## PROBLEM
Please output exactly the lines below, starting at the line that has "The Rubbermaid Commercial" and ending at the line that has "Wasserfarben-Sphynx-Katze Künstliches Portrait", both included; leave out all pictures and include nothing else.

## DATASET EXTRACT

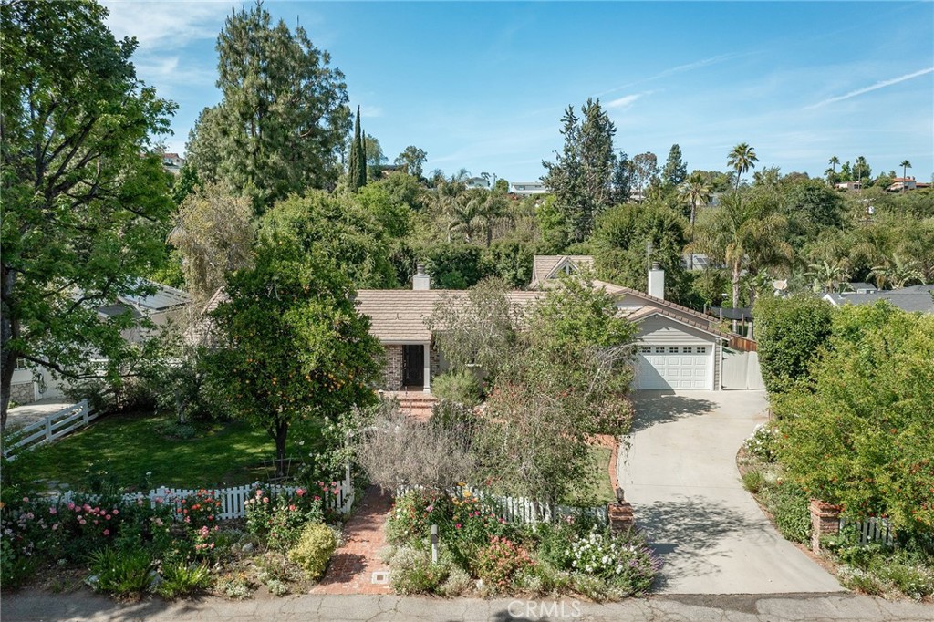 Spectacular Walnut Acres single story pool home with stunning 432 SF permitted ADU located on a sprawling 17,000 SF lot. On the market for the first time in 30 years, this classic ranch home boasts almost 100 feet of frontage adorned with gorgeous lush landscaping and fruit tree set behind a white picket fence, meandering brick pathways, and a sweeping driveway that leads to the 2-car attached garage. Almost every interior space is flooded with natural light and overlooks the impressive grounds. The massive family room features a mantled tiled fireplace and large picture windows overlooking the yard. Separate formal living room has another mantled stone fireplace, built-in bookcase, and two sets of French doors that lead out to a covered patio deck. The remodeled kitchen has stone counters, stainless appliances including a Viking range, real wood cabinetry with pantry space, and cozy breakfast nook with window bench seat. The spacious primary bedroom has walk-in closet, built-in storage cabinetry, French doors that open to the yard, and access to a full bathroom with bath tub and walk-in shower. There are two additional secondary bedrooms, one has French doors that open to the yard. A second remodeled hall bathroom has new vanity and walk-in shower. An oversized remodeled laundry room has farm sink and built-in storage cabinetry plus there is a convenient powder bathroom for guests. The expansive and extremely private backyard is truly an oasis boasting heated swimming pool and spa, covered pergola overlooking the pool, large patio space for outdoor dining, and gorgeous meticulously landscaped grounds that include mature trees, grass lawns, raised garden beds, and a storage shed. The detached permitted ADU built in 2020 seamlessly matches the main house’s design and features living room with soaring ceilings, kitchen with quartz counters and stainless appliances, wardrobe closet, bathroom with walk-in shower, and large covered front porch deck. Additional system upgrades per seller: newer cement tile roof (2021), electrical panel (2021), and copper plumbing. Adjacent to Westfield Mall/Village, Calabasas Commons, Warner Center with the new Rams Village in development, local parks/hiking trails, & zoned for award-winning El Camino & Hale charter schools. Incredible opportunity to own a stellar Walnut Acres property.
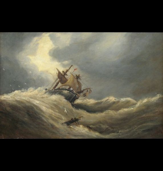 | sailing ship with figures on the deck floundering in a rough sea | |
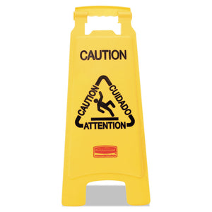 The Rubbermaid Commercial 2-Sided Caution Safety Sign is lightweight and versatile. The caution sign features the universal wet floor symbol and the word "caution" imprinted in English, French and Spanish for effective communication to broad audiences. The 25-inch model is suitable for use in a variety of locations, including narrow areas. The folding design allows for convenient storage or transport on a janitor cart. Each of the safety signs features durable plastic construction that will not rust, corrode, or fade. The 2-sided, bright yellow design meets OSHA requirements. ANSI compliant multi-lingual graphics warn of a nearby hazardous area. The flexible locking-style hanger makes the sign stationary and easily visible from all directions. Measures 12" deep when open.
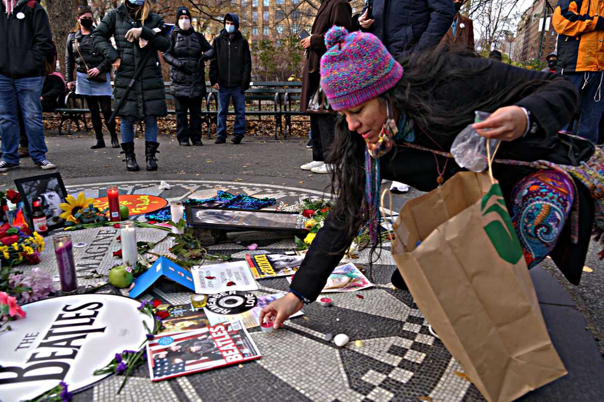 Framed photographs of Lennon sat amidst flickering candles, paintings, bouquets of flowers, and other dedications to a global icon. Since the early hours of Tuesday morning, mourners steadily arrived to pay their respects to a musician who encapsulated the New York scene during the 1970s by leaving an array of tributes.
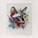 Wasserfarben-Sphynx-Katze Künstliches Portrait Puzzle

...

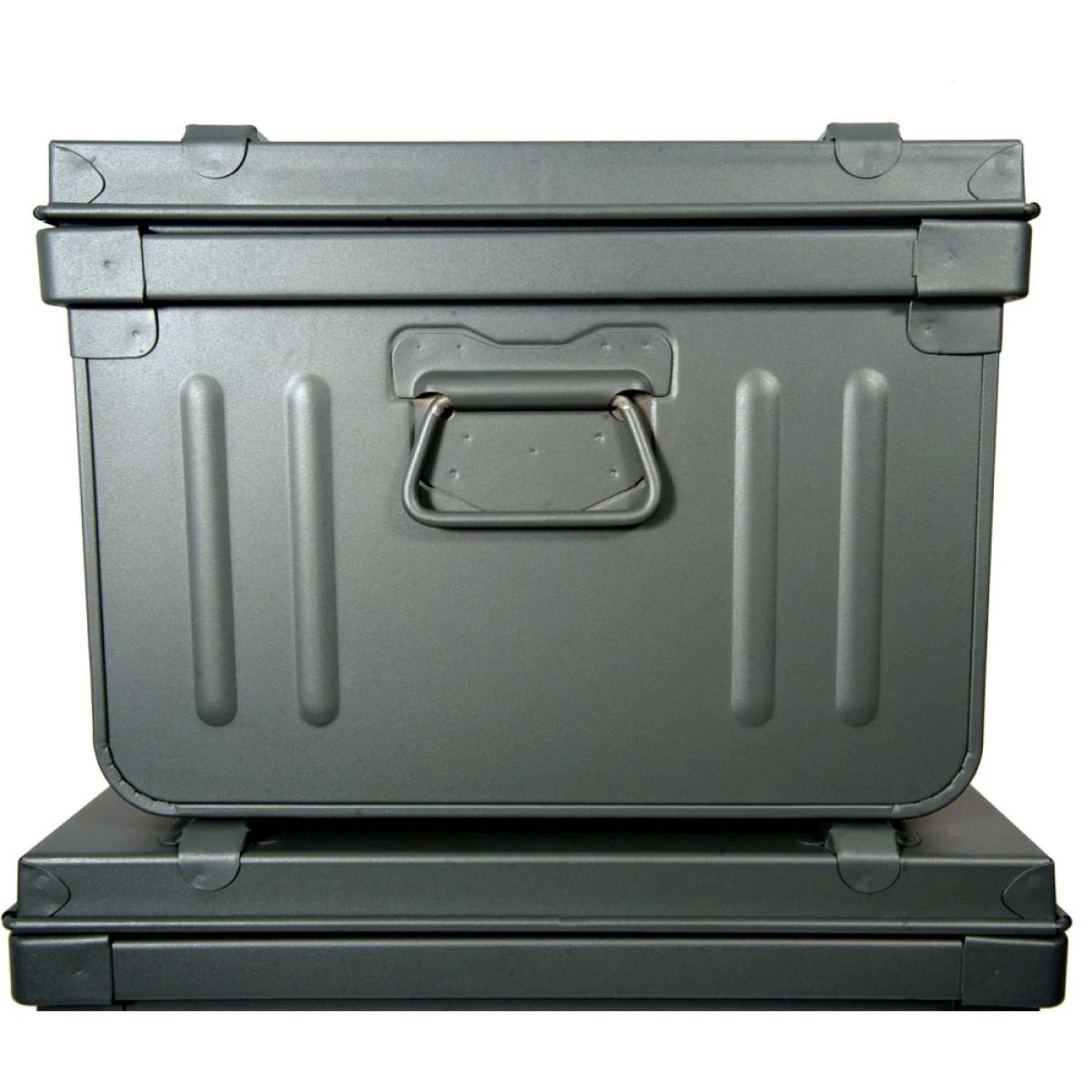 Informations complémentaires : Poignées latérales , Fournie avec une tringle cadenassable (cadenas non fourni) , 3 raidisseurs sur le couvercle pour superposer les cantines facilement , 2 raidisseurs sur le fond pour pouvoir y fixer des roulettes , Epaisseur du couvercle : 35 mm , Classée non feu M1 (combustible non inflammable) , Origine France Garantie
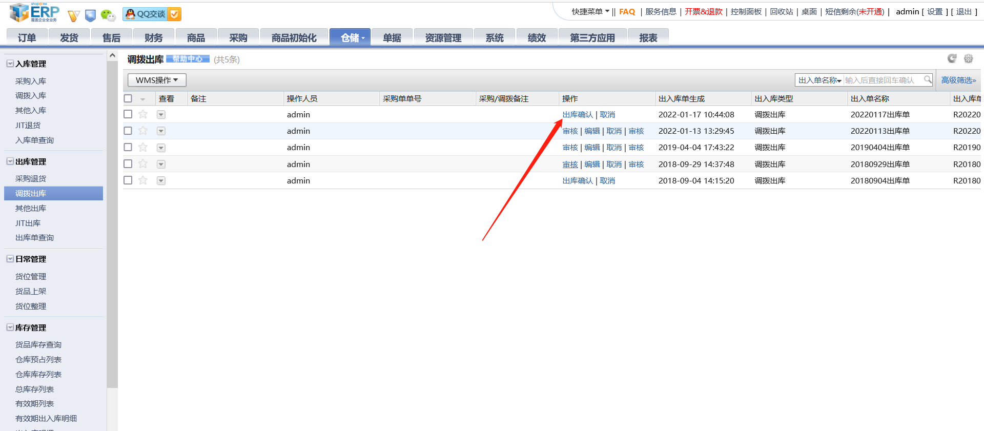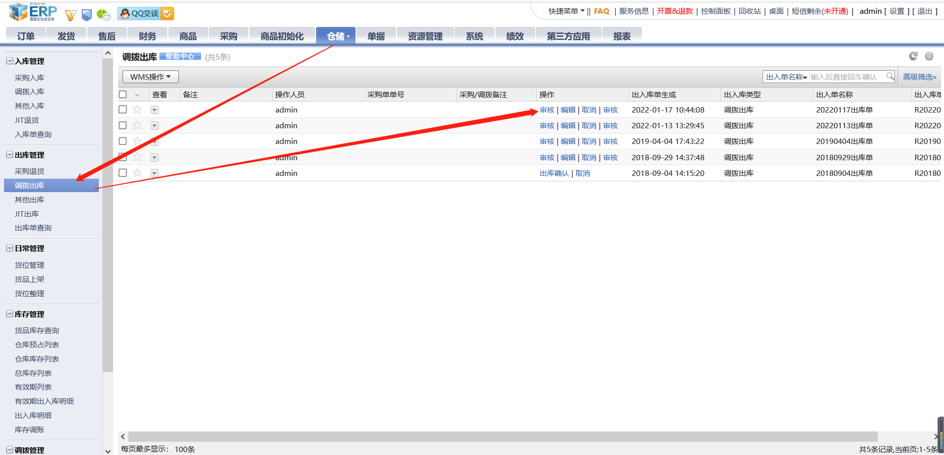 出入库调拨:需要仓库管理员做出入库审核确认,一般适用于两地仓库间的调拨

## RESULT BELOW
 The Rubbermaid Commercial 2-Sided Caution Safety Sign is lightweight and versatile. The caution sign features the universal wet floor symbol and the word "caution" imprinted in English, French and Spanish for effective communication to broad audiences. The 25-inch model is suitable for use in a variety of locations, including narrow areas. The folding design allows for convenient storage or transport on a janitor cart. Each of the safety signs features durable plastic construction that will not rust, corrode, or fade. The 2-sided, bright yellow design meets OSHA requirements. ANSI compliant multi-lingual graphics warn of a nearby hazardous area. The flexible locking-style hanger makes the sign stationary and easily visible from all directions. Measures 12" deep when open.
 Framed photographs of Lennon sat amidst flickering candles, paintings, bouquets of flowers, and other dedications to a global icon. Since the early hours of Tuesday morning, mourners steadily arrived to pay their respects to a musician who encapsulated the New York scene during the 1970s by leaving an array of tributes.
 Wasserfarben-Sphynx-Katze Künstliches Portrait Puzzle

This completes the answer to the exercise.